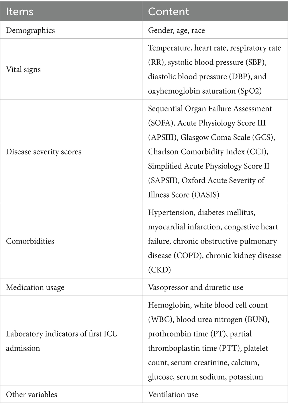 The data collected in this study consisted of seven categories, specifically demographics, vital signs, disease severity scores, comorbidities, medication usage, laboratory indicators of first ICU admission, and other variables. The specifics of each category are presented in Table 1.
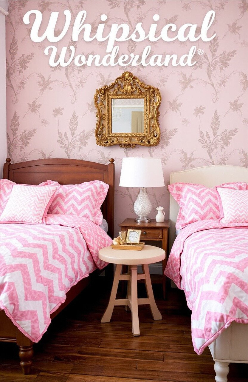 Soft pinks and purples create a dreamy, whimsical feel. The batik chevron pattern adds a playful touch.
==
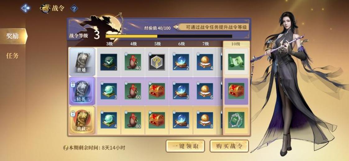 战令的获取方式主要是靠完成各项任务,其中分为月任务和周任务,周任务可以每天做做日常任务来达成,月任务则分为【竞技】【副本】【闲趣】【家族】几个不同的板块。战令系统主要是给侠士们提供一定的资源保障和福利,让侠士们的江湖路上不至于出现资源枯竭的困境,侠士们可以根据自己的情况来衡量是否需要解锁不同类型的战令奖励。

Assigned task:
Start at the line above containing "The data collected" and stop at the line containing "Soft pinks and": print those lines and everything between them exactly, but not the pictures.

The answer:
 The data collected in this study consisted of seven categories, specifically demographics, vital signs, disease severity scores, comorbidities, medication usage, laboratory indicators of first ICU admission, and other variables. The specifics of each category are presented in Table 1.
 Soft pinks and purples create a dreamy, whimsical feel. The batik chevron pattern adds a playful touch.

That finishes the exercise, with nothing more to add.